This tool will parse a PDF document to distinguish the central components utilized as a part of analyzed file. It won’t render a PDF archive.
- Load/parse objects and headers
- Extract meta data (author, description, …)
- Extract text from ordered pages
- Support of compressed pdf
- Support of MAC OS Roman charset encoding
- Handling of hexa and octal encoding in text sections
- PSR-0 compliant (autoloader)
- PSR-1 compliant (code styling)
Analyzing a Malicious PDF File
We have created the PDF file with an EXE file embedded with it.
Step 1: To launch the PDF parser type pdf-parser
[email protected]:~# pdf-parser -h List all the options with PDFParser
Step2: To get the stats of the PDF Document.
Step3: Passing stream data through Filters FlateDecode,ASCIIHexDecode, ASCII85Decode, LZWDecode and RunLengthDecode.
Step4: To get the Hashes of the PDF file.

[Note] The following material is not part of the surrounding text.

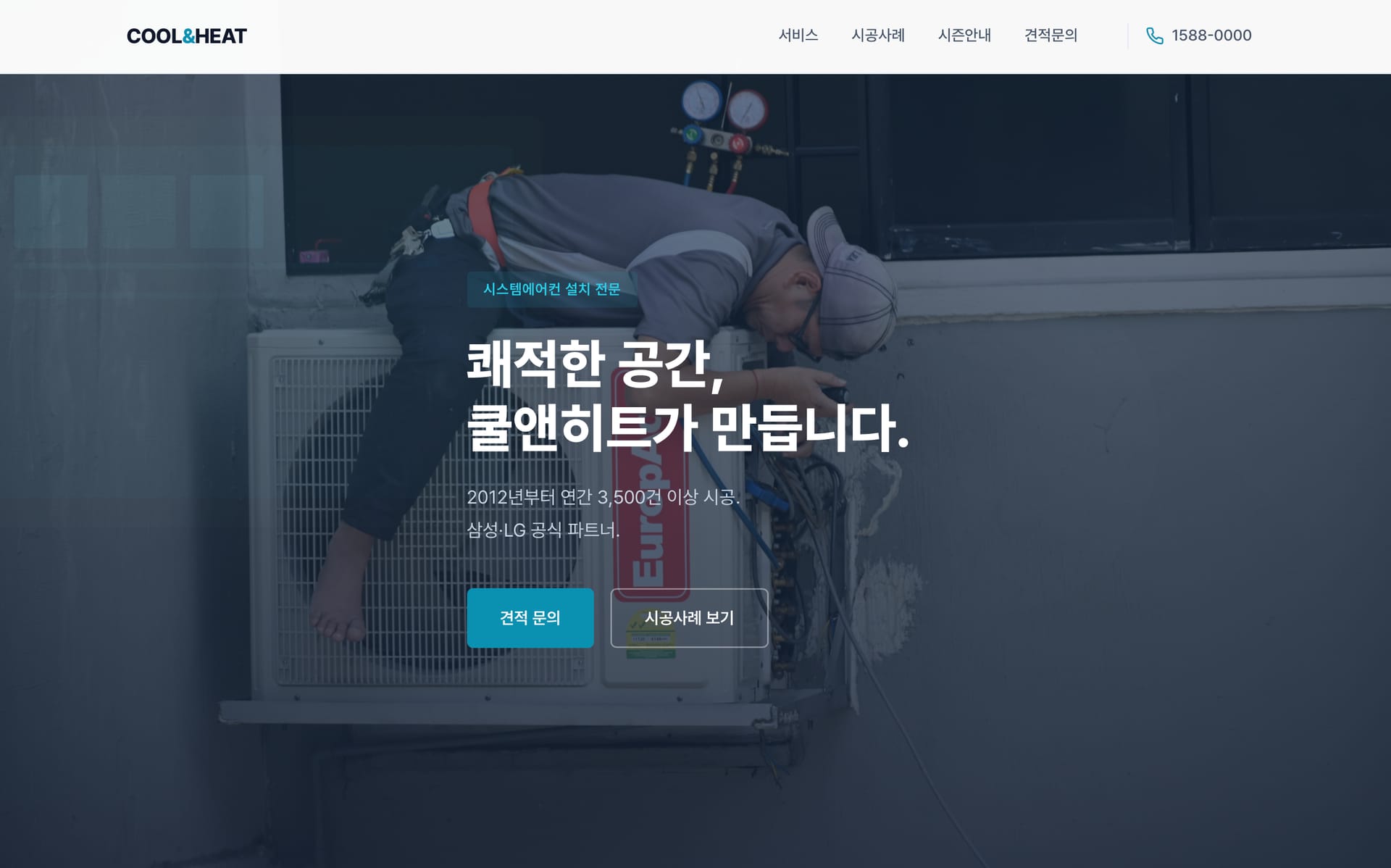 - 히어로: "시스템에어컨 설치 전문" 라벨, 핵심 문구, CTA 버튼
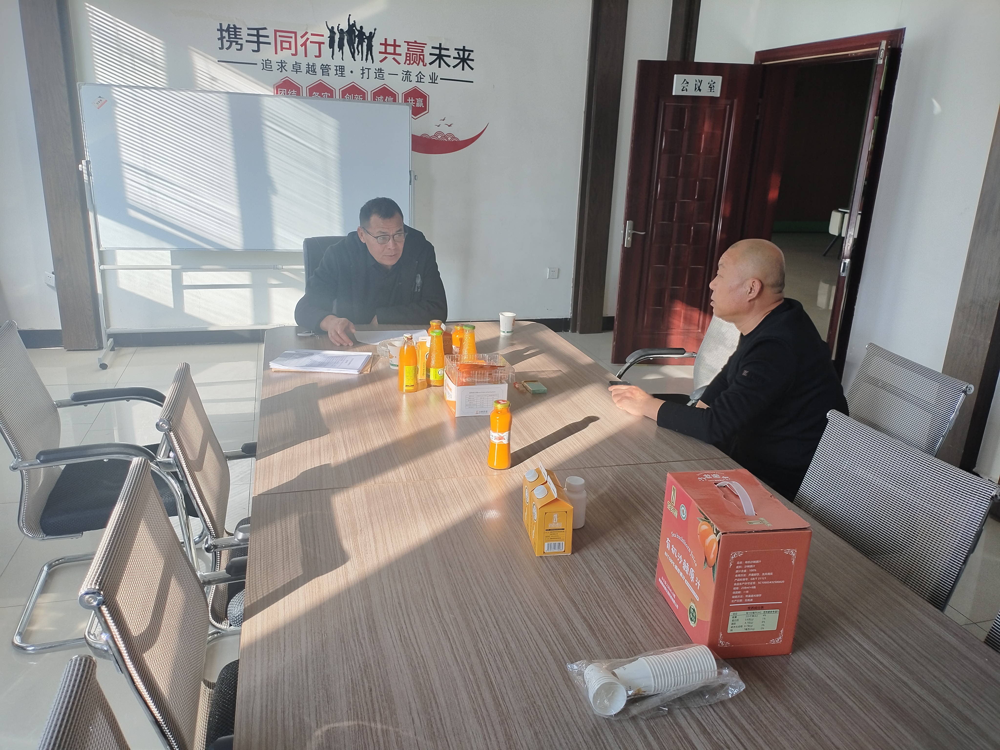 青河县市场监督管理局食品科科长邹训刚到新疆恩利德生物科技有限公司走访。通讯员 汤旸摄

Step5: Case sensitive search in streams
The stats option show insights of the items found in the PDF report. Utilize this to recognize PDF archives with unusual/unexpected objects, or to characterize PDF records.
The search option scans for a string in indirect objects (not inside the surge of Indirect objects). The inquiry is not case-sensitive and is defenseless to obfuscation methods.
Filter option applies the filter(s) to the stream, whereas raw option makes pdf-parser output raw data.